44 Views Asked by At

I have a query like this.

WITH all_products AS (
  SELECT
    gtin,
    category,
    product_name,
    product_image,
    brand,
    manufacturer
  FROM `products`
),
client_products as (
  SELECT *
  FROM all_products
  WHERE
    client_id = "usdemoaccount" and is_client_product = true
),
competitor_products as (
  SELECT *
  FROM all_products
  WHERE
    client_id = "usdemoaccount" and is_client_product = false
);

Here computation for all_products happens twice because its reference twice in the below code. But we need not do it twice and save on compute if re-use the above results.

The reason for this from BQ documentation mentions, non recursive CTE's are not materialized.

BigQuery only materializes the results of recursive CTEs, but does not materialize the results of non-recursive CTEs inside the WITH clause. If a non-recursive CTE is referenced in multiple places in a query, then the CTE is executed once for each reference.

I'm exploring alternatives to address this issue. While I understand that using temporary tables is one option, I'm concerned about potential drawbacks such as increased storage costs and concurrency issues, especially when the same API is used by multiple users with different parameters.

What are some effective strategies or best practices for optimizing the performance of CTEs in BigQuery? Specifically, I'm interested in approaches that can help materialize non-recursive CTEs or improve query performance without resorting to temporary tables.

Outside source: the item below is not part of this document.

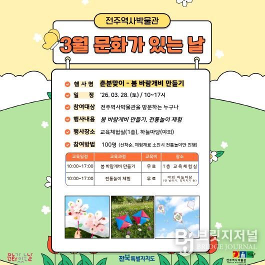 브릿지저널 윤나영 기자 | 전주역사박물관은 오는 28일 ‘춘분’을 맞아 박물관을 찾는 관람객을 위해 ‘3월 문화가 있는 날’ 행사의 일환으로 ‘춘분맞이’를 운영한다.

Even with temporary tables, if there is a option to automatically clean up those tables to avoid storage costs and handle concurrently out of the box, that should also be preferable.

2

There are 2 best solutions below

0
mjruttenberg On

One big factor in keeping costs down in BigQuery is to always explicitly specify the columns you want to select from, rather than using SELECT *.

Additionally, for runtime, limit the data to as few rows as possible, e.g. limit by date, and/or some other WHERE condition, so any later queries or CTEs only work with the smallest required number or rows.

Cost vs runtime

In the query provided, there are no additional costs as nothing is materialised. The original query only from products only runs once, so only 1 set of charges is incurred, even if you reference the first CTE twice later, so that isn't a cost or storage concern, only a runtime one.

Reducing runtime

To reduce the runtime, you can set the flag for client or competitor in the first (and only) CTE, and then call it as necessary using the derived field client_competitor_product. This replaces working out which CTE you want to use - client_product or competitor_product.

Reducing data parsed

Additionally, if the condition is the same in both clauses (client_id = "usdemoaccount"), move that to a WHERE clause so it limits the dataset it is working with before evaluating the CASE statement.

Notes on the original query from the OP

In the 2nd and 3rd CTEs, 2x referenced fields are not present in all_products, so they would fail - client_id and is_client_product are not present in all_products.

There is no output SELECT for the CTE, so which CTE could be referenced? Sometimes it is client_products and sometimes competitor_products. If you UNION ALL them, you still can't tell which product belongs to which source, without an additional field, e.g. source, to distinguish them.

Limit the fields selected, the data evaluated and derive the field/s required

WITH all_products AS (
  SELECT
    gtin,
    category,
    product_name,
    product_image,
    brand,
    manufacturer,
    CASE
      WHEN is_client_product = true THEN "client"
      WHEN is_client_product = false THEN "competitor"
    END AS client_competitor_product
  FROM `products`
  WHERE client_id = "usdemoaccount"
)

SELECT <limit fields>
FROM all_products
WHERE <some condition>;
0
Ashutosh Sahoo On

I believe the below two approaches can help you. Please let me know if you want to discuss more on this:

  1. Create simple logical views, crating logical views will not consume any space.
  2. Create materialized views.
  3. If you are loading the table once in a day , then a create a table whic can be used by multiple users.